(SZ)Glauben heißt, nicht zu zweifeln an dem, was wir nicht sehen. So
unschön doppelt verneinend bimste es Paulus in einem langen Brief den
Hebräern ein. Als prototypisch Ungläubiger hingegen gilt der Apostel
Thomas. Er forderte eine konkrete Beschau und glaubte an Christi
leibliche Auferstehung erst, nachdem er seine Hand in dessen
Lanzenwunde gelegt hatte. Hinweise darauf, welche der beiden Haltungen
derzeit höher im Kurs steht, gibt der Alltag. Glaubt das Finanzamt
unbesehen der Behauptung des Steuerzahlers, er habe im abgelaufenen
Jahr fast täglich einen Geschäftspartner bewirtet? Nein, das Finanzamt
will Belege für jedes einzelne absetzbare Geschäftsessen, und wehe, da
erscheint ein Kinderteller auf der Rechnung. Glauben Fußballtrainer
einfach so, dass ihr Spieler im Abseits stand, als er den Ball in des
Gegners Tor schob? Nein, Fußballtrainer fordern bei solchen
Gelegenheiten regelmäßig, den Fernsehbeweis einzuführen.

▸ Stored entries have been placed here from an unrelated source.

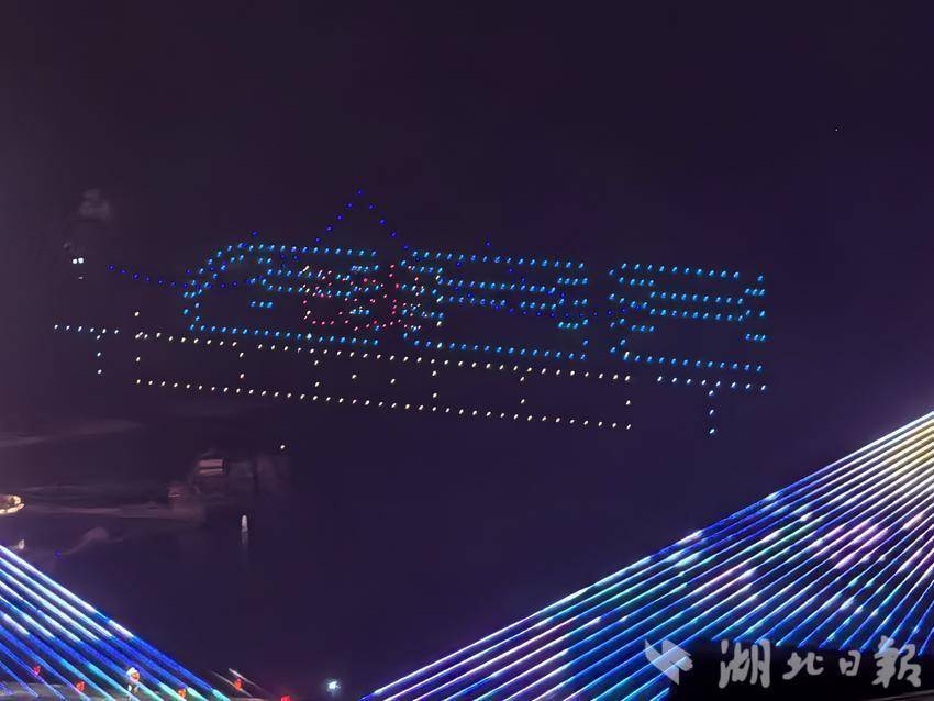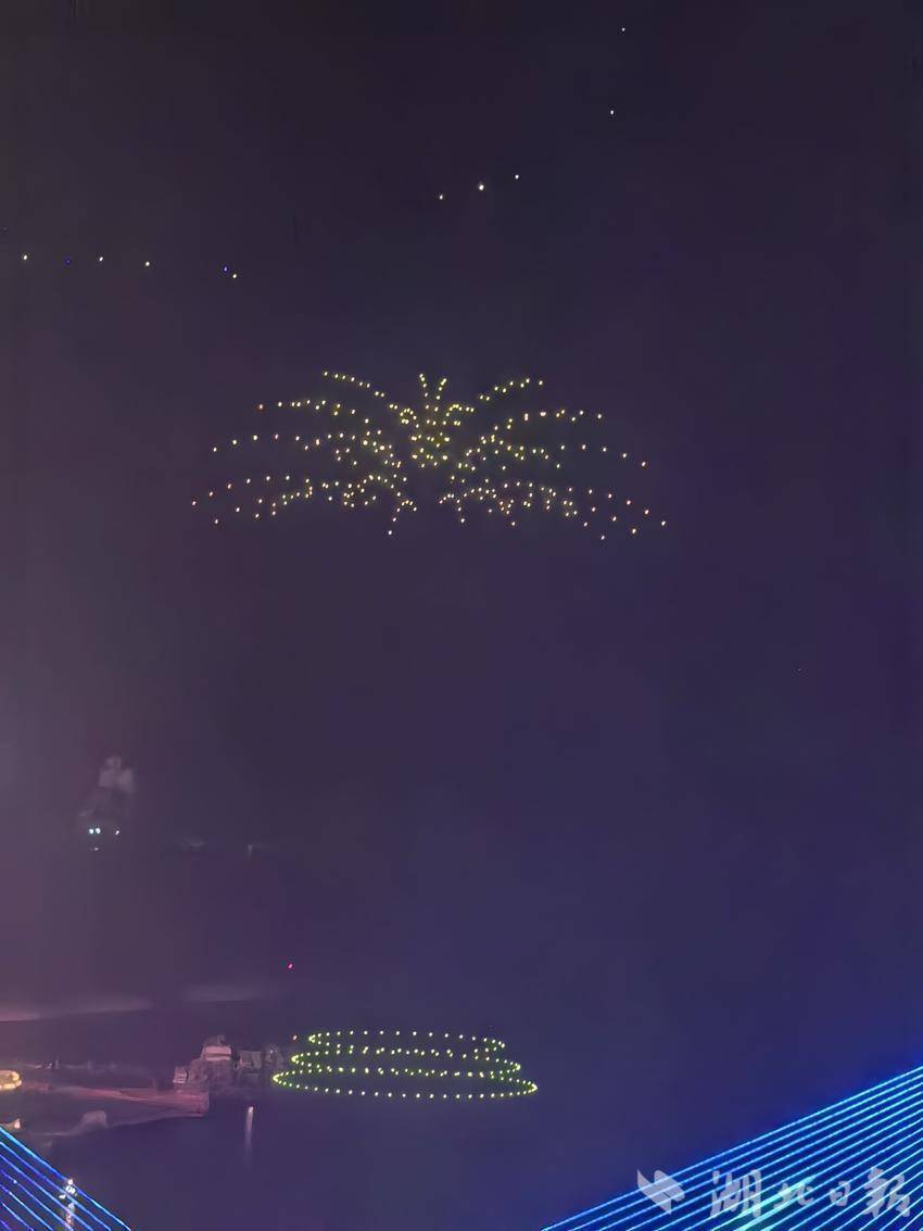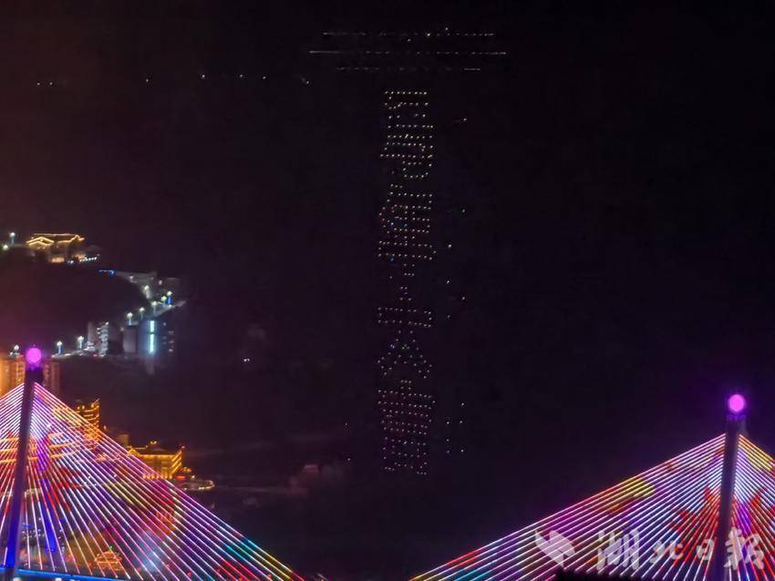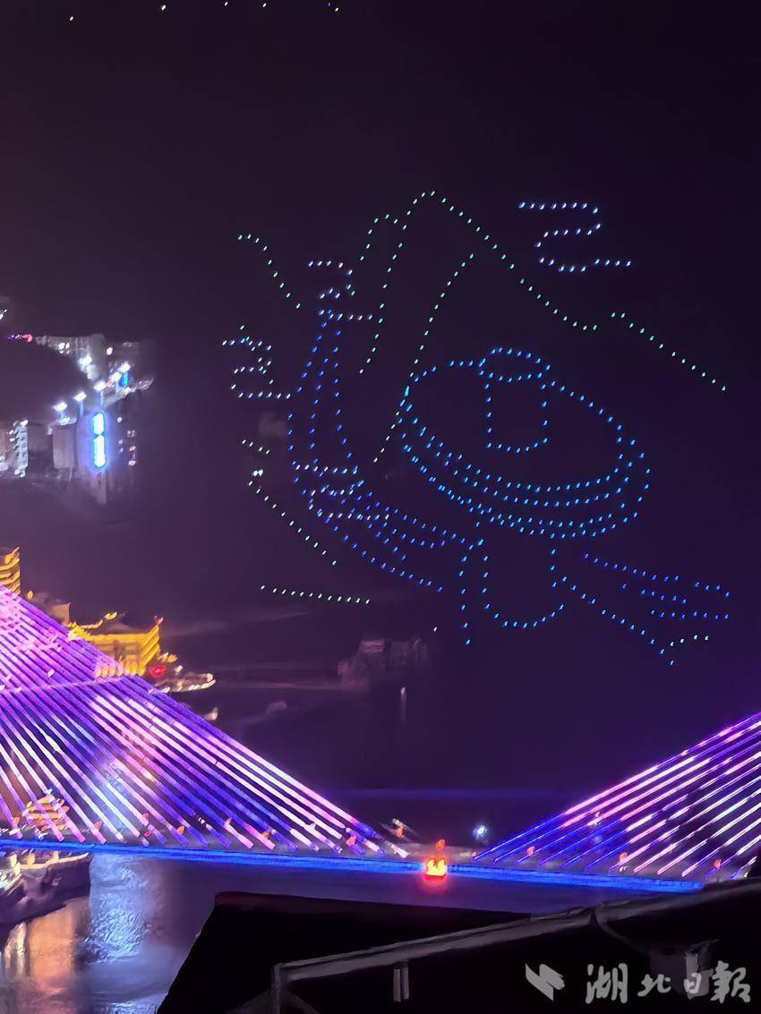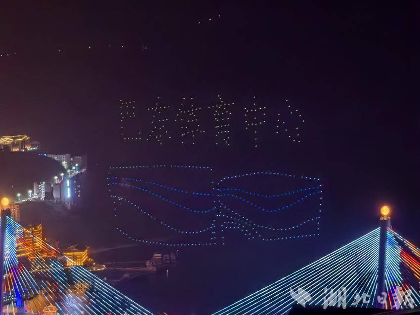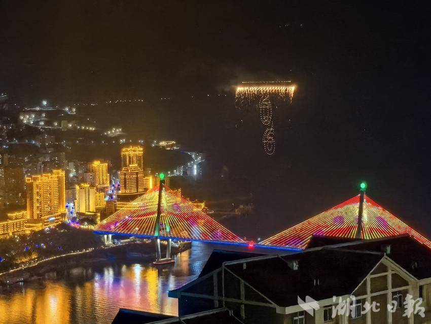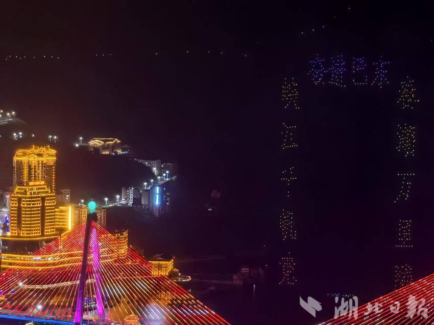 夜幕下,亲水广场前人潮涌动,市民游客翘首以盼。伴着新春旋律,无人机编队缓缓升空,点点星光点亮峡江夜空。表演中,阵型精准变换,点亮巴东璀璨时刻。
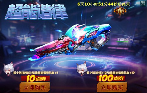 【活动细则】活动期间每次购买狐小妖表情1天可获得超能谐律礼盒*1;购买10天表情可获得超能谐律礼盒*10。
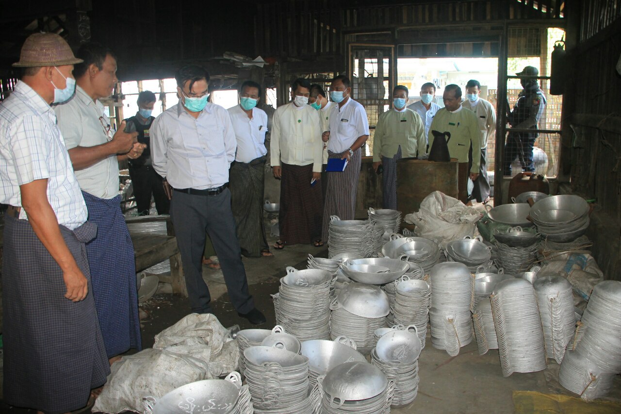 ရှေးဦးစွာ တိုင်းဒေသကြီး ဝန်ကြီးချုပ်နှင့်အဖွဲ့သည် ကဝမြို့နယ်၊ သပြုစံပြကျေးရွာသို့ သွားရောက်၍ ကျေးရွာအတွင်း၌ ဒယ်အိုးအမျိုးမျိုး၊ စက်လှေပန်ကာအမျိုးမျိုး၊ ငရုတ်ဆုံနှင့် ဆိုင်ကယ်အပိုပစ္စည်း အမျိုးမျိုး သတ္တုအရည်ကျိုပုံလောင်း ဆောင်ရွက်နေမှုတို့အား သွားရောက်ကြည့်ရှုစစ်ဆေးသည်။ ယင်းနောက် သပြုစံပြကျေးရွာ အုပ်ချုပ်ရေးမှူးရုံး၌ သတ္တုအရည်ကျိုပုံလောင်းလုပ်ငန်း ဆောင်ရွက်နေသည့် လုပ်ငန်းရှင်များနှင့်တွေ့ဆုံပြီး လုပ်ငန်းသုံးပါဝါမီတာရရှိရေး၊ စက်ရုံများအတွက် အချိန်ပြည့် လျှပ်စစ်မီးရရှိရေး၊ လိုအပ်ပါက ထရန် စဖော်မာတပ်ဆင်နိုင်ရေး၊ ဆိုလာစနစ်ဖြင့် ရေချိုတွင်းနက် တူးဖော်ပေးနိုင်ရေး၊ ကုန်ကြမ်းများရရှိရေးနှင့် ကျေးရွာအနီး MSME လုပ်ငန်းများအတွက် သီးခြားမြေနေရာ သတ်မှတ်ပေးနိုင်ရေးတို့အား သက်ဆိုင်ရာဌာန ဆိုင်ရာများနှင့် ပေါင်းစပ်ညှိနှိုင်း ဆောင်ရွက်ပေးသည်။

Doch hier bleibt der Hardcore-Skeptiker stecken: Ist das Kompositum
"Fernsehbeweis" nicht ein Widerspruch in sich? Was beweist das
Fernsehen denn? Robuste tele-positivistische Naturen wie Peter
Limbourg, der Chefredakteur des News-Senders N24, glauben freilich,
dass man nicht "alles relativieren" dürfe, was täglich an Nachrichten
aus dem Golf herüberschwappt, dass man ruhig auch mal eine
"durchstecken", also ungeprüft übernehmen könne. Nach dieser Maxime
verfuhren auch die Chefs des Rundfunks von Swasiland. Sie übernahmen
ungeprüft Live-Berichte, die ein Mitarbeiter vorgeblich aus Bagdad
schickte. In Wirklichkeit saß der Mann die ganze Zeit daheim und
erzählte, was er im Fernsehen sah. Jetzt beschäftigt sich das
swasiländische Parlament mit der Frage, "wie es zur Täuschung der
Öffentlichkeit kommen konnte".
Aber inwiefern täuschte der heimatverbundene Korrespondent die
Öffentlichkeit? Er log ja nur, was seinen Aufenthaltsort anging. Nach
allem, was wir wissen, erfand er jedoch nichts hinzu bei seinen
Berichten aus dritter Hand, sondern schaltete sich beim "Durchstecken"
lediglich als weitere Instanz dazwischen. Früher soll es deutsche
Kriegsberichterstatter gegeben haben, die in die Umgebung der
jeweiligen Krisenregion fuhren und ihr Hotel nur verließen, um sich
für ihre Reportagen vor einem möglichst authentischen, von den Kämpfen
aber weit entfernten Wüstenhintergrund filmen zu lassen. Das war
radikal unabhängige
Berichterstattung: unabhängig von den Fernsehbildern anderer,
unabhängig aber leider auch vom Geschehen. Die abhängige
Berichterstattung der eingebetteten Reporter und ihrer Durchstecker
ist vielleicht das kleinere Übel. Man begegne ihr aber mit einem
Skeptizismus, welcher den des Thomas noch übertrifft. Nichtglauben
heißt jetzt, auch an dem zu zweifeln, was wir sehen.